The KBR-ULB-UGent Digital Heritage Seminar: Digital Humanities Research 2020-2021, Part II. is a scholarly series on digital cultural heritage. This series is co-organized by KBR’s two labs: Camille (Center for Archives on the Media and Information) and the Digital Research Lab, in cooperation with Université libre de Bruxelles and Ghent University. In the second part of this series from May to June in 2021 we will virtually host three academic scholars in presenting their work on cultural heritage materials, digital methods and digital humanities. Dealing with a variety of topics, periods and methods, these talks will be held on MSTeams in English, with questions in French, Dutch or English. The target audience is scholars, but the general public is warmly welcome. Registration is required.
The first talk will be held on Monday 26 April (13:30 – 15:00) on Participatory Mapping for Heritage: Theories, Methods and Tools, given by Piraye Hacigüzeller, Assistant Professor of Digital Heritage, University of Antwerp.

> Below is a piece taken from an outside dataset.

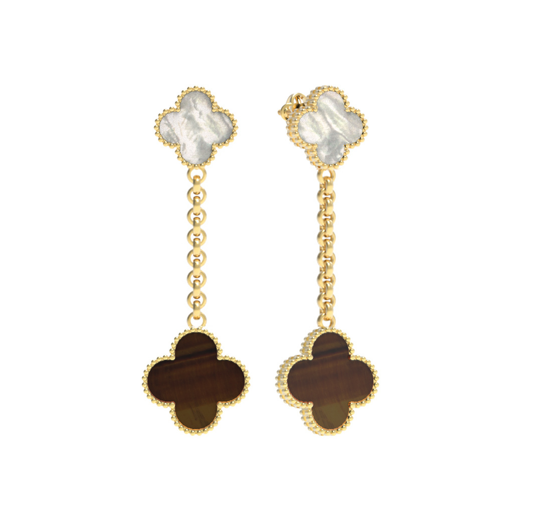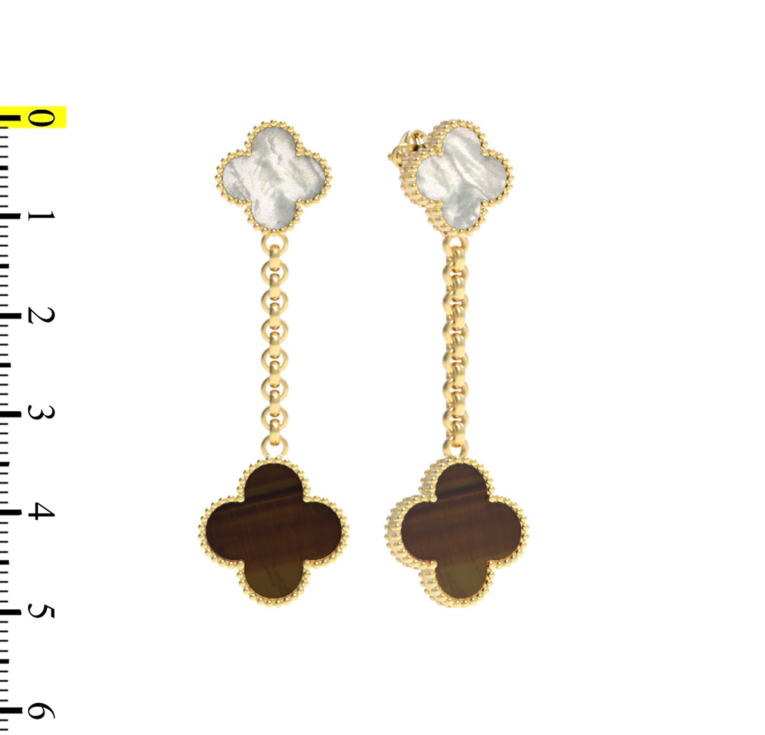 Серьги из лимонного золота c тигровым глазом и перламутром
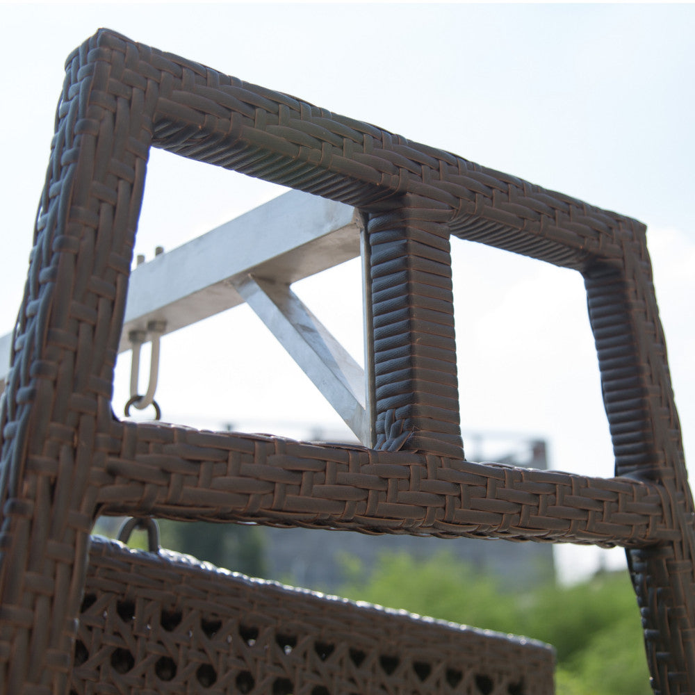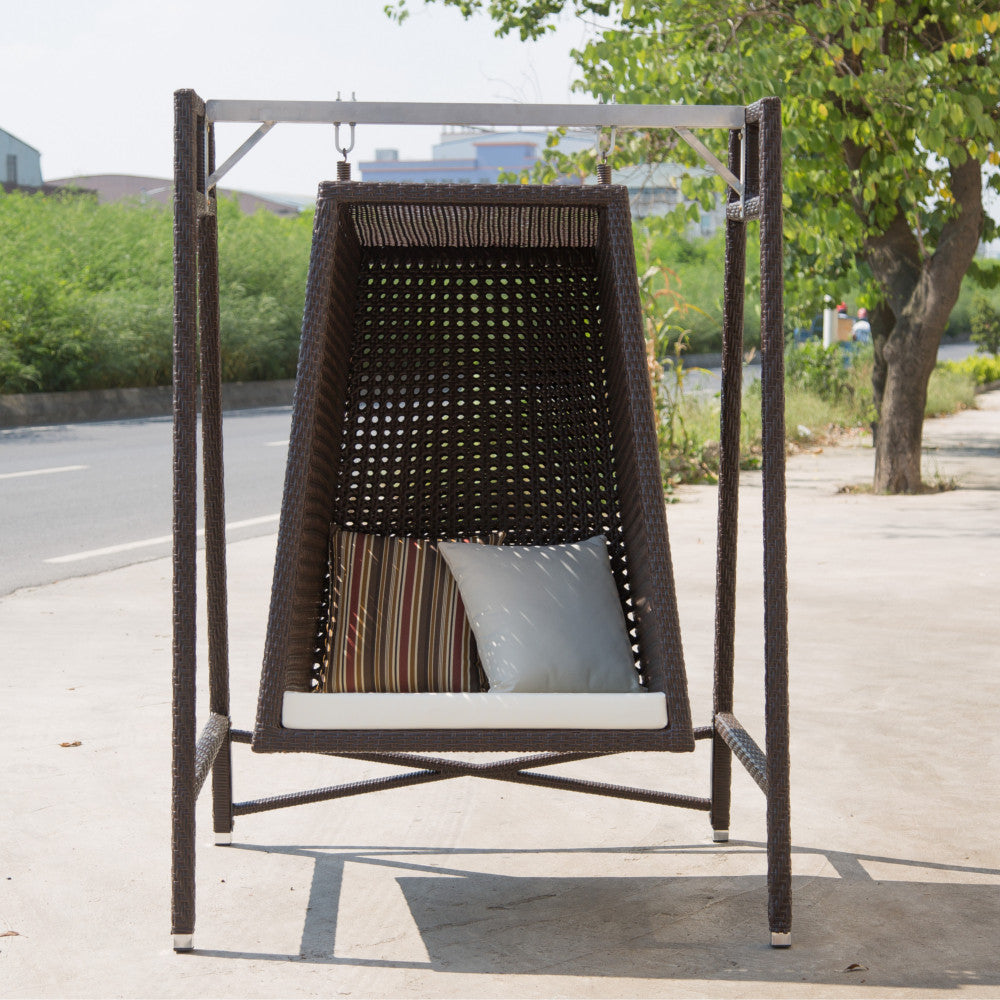 Made of waterproof pe (polyethylene) rattan the Secure Hanging Set is a comfortable relaxing swing with gentle movement. Seat is cushioned with an 8cm thick cushion. 4 decorative pillows are included. Chair hangs on a strong iron frame.

ABSTRACT: The proliferation of (open) digital geospatial data sets since the 1990s and the simultaneous maturation of tools to display, manage and analyze such data have led to a certain “democratization” of cartographic practices in many disciplines within the social sciences and humanities. This trend was further reinforced by the “maps and power critique”, especially prominent in the 1990s and 2000s in human geography, where the history of Western mapping was critically approached as an instrumental practice in promoting the agendas of powerful individuals, institutions and states.
Further supported by a multidisciplinary “participatory turn” over the past decade, the so-called democratization of cartography has sparked an explosion of interest in participatory mapping in many social sciences and humanities disciplines as well as related interdisciplinary fields such as heritage studies. In this lecture I will provide an overview of theories, methods and tools relevant to participatory mapping projects within heritage studies.